I don't know how to use GRU Moves but does not learn

I don’t know how to use GRU
It moves but doesn’t learn
This is the first time I’ve used an RNN layer in pytorch, so I think this is the cause.
Please tell me if there is not enough information I will add it

code
#Definition
self.rnn=nn.GRU(self.hidden_size1,gru_hidden)
self.norm=nn.LayerNorm(gru_hidden)
self.Relu=swish(0.7)

#runtime
x=self.Linear(x)
x,hidden=self.rnn(x,hidden)
onry_x=self.Relu(self.norm(x))

Causes i can think of
1
Insufficient understanding of gru and proper initialization (for example, he、Set bias to 0)
I don’t even know how to access weight bias

2
There is a tanh in the GRU (in the official description)
3
Something is missing

I’m having trouble understanding your issue. Could you post some executable code?

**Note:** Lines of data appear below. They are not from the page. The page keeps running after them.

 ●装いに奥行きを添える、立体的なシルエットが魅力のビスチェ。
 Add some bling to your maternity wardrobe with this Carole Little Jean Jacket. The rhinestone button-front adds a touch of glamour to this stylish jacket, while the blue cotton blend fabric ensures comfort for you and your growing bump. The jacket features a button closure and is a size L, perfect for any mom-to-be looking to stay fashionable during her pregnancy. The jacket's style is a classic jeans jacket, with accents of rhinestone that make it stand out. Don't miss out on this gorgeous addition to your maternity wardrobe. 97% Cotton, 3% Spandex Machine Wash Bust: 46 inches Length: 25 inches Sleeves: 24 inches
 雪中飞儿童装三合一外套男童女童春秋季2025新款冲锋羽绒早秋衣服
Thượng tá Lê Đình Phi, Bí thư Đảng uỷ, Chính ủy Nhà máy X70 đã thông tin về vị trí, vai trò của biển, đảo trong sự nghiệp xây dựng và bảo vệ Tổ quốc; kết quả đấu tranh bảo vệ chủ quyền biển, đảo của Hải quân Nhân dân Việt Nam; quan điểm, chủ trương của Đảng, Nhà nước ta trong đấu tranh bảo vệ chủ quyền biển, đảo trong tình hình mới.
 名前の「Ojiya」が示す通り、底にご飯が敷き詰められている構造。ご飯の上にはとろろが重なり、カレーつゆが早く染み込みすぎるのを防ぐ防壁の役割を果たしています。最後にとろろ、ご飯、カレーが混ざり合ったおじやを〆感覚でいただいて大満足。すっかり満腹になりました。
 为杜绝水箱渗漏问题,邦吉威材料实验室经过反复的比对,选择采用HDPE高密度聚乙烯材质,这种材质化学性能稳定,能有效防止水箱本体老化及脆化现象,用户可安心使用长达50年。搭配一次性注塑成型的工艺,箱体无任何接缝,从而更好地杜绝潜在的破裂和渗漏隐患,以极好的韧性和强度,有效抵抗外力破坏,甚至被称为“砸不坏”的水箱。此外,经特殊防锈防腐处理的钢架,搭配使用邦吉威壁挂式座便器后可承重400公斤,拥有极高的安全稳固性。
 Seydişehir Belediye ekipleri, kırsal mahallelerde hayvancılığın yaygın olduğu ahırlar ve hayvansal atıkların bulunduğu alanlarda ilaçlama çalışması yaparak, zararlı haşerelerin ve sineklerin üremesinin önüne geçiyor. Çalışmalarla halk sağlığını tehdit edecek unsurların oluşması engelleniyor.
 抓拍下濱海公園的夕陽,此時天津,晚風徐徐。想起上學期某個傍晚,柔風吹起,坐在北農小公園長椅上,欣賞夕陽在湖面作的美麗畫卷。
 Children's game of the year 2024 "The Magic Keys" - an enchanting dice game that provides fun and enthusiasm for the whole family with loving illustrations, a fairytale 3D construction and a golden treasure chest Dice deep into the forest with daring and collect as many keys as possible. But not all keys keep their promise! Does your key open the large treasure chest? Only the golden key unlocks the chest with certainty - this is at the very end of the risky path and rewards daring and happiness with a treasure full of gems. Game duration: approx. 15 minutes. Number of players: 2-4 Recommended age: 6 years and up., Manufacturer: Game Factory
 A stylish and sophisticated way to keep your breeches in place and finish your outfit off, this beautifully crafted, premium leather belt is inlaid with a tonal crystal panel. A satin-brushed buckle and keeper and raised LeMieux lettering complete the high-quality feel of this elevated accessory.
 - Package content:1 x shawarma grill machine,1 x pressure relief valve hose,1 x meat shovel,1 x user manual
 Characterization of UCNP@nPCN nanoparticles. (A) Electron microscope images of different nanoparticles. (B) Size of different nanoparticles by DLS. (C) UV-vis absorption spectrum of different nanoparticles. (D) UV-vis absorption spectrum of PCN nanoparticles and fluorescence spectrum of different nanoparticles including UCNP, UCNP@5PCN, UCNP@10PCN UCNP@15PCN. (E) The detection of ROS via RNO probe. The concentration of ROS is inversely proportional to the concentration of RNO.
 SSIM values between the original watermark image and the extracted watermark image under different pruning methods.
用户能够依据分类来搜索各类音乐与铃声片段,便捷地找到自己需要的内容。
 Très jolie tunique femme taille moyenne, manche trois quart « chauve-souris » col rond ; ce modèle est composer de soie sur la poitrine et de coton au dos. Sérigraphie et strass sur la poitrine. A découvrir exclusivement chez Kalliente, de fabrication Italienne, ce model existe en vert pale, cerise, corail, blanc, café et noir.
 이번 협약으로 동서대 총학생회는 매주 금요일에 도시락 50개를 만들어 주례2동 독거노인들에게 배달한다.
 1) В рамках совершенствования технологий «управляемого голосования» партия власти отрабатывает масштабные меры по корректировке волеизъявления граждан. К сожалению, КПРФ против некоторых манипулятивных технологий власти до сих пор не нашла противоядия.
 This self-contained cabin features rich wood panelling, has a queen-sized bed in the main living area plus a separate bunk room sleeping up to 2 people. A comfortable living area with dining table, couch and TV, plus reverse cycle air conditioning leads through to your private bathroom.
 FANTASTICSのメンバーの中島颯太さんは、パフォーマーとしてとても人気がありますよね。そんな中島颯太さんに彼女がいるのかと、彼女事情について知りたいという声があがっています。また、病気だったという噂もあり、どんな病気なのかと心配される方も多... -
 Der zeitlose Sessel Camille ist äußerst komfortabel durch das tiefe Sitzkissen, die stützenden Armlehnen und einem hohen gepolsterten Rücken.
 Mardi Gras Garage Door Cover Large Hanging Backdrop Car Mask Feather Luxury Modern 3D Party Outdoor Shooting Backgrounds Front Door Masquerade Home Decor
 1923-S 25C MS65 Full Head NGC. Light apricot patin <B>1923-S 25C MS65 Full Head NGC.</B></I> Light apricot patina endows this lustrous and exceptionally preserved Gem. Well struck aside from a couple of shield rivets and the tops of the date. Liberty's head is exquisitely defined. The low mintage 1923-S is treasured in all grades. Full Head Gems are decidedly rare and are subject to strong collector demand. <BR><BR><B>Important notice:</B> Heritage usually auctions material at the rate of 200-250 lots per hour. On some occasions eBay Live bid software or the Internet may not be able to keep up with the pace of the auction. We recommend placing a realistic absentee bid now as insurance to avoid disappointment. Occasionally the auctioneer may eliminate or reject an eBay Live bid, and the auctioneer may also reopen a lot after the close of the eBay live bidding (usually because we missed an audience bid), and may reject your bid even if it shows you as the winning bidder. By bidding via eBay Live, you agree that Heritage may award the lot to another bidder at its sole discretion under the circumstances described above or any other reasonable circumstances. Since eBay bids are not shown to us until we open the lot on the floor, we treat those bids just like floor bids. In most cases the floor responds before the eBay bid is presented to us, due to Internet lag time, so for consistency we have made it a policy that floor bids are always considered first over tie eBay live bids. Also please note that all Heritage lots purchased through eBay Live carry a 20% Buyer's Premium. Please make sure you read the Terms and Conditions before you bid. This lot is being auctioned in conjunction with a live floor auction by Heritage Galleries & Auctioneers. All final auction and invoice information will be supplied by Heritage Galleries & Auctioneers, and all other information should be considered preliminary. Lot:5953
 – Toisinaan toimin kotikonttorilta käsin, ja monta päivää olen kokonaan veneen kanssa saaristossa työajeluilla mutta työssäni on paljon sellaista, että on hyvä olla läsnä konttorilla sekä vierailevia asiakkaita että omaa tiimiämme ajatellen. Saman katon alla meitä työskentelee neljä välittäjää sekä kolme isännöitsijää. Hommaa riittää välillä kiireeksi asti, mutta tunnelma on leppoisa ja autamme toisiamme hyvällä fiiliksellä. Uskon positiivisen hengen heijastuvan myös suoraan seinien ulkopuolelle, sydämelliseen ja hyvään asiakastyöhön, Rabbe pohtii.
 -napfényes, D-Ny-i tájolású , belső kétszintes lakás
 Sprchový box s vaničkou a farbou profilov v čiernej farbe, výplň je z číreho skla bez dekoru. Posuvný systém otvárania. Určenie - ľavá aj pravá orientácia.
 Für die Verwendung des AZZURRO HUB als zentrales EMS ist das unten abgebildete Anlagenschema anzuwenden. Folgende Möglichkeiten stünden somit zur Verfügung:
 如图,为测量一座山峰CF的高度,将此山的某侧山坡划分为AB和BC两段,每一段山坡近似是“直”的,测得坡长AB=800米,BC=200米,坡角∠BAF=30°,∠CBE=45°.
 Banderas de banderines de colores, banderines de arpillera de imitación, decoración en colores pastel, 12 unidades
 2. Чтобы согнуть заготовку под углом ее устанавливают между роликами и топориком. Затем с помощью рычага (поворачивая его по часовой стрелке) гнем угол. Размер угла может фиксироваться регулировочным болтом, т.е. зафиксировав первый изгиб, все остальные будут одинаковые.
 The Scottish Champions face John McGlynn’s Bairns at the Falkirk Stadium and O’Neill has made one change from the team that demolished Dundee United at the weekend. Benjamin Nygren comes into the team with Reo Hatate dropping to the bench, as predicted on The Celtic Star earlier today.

If you put all of them, it will be long, so put only a part

loss=torch.sum(output.permute(1,2,0),dim=2)-torch.sum(targets.detach().permute(1,2,0),dim=2)
    
optimizer.zero_grad()
loss=loss__(loss)#(loss**2)/2
loss.backward()
torch.nn.utils.clip_grad_norm_(mainQN.parameters(),1,2)
optimizer.step()
scheduler.step()
self.tortal_losses+=loss.clone().detach().to('cpu')

target.size=time,batch,output
output.size=time,batch,output

input.size=time,batch,20

model

  Definitionself.rnn = nn.GRU(self.hidden_​​size1、gru_hidden)
  self.norm = nn.LayerNorm(gru_hidden)
  self.Relu = swish(0.7)
  
  #runtime
  x = self.Linear(x)
  x、hidden = self.rnn(x、hidden)
  onry_x = self.Relu(self.norm(x)

I’m doing something a little different after GRU. Is this a problem?
There should be no problem in itself as it is from the code before the introduction of GRU

   L = self.L(x).view(bacth_size*timee, self.num_outputs,self.num_outputs)
    tril_mask = torch.tril(torch.ones(self.num_outputs,self.num_outputs), diagonal=-1).unsqueeze(0).to("cuda:0")
    diag_mask = torch.diag(torch.diag(torch.ones(self.num_outputs,self.num_outputs))).unsqueeze(0).to("cuda:0")
    L = L * tril_mask.expand_as(L) + torch.exp(L) * diag_mask.expand_as(L)
    P = torch.bmm(L, L.transpose(2, 1))

In the explanation of pytorch, it looks like this

   \begin{array}{ll}
    r = \sigma(W_{ir} x + b_{ir} + W_{hr} h + b_{hr}) \\
    z = \sigma(W_{iz} x + b_{iz} + W_{hz} h + b_{hz}) \\
    n = \tanh(W_{in} x + b_{in} + r * (W_{hn} h + b_{hn})) \\
    h' = (1 - z) * n + z * h
    \end{array}

I don’t want to use tanh
Is there a way to change to Relu or swish?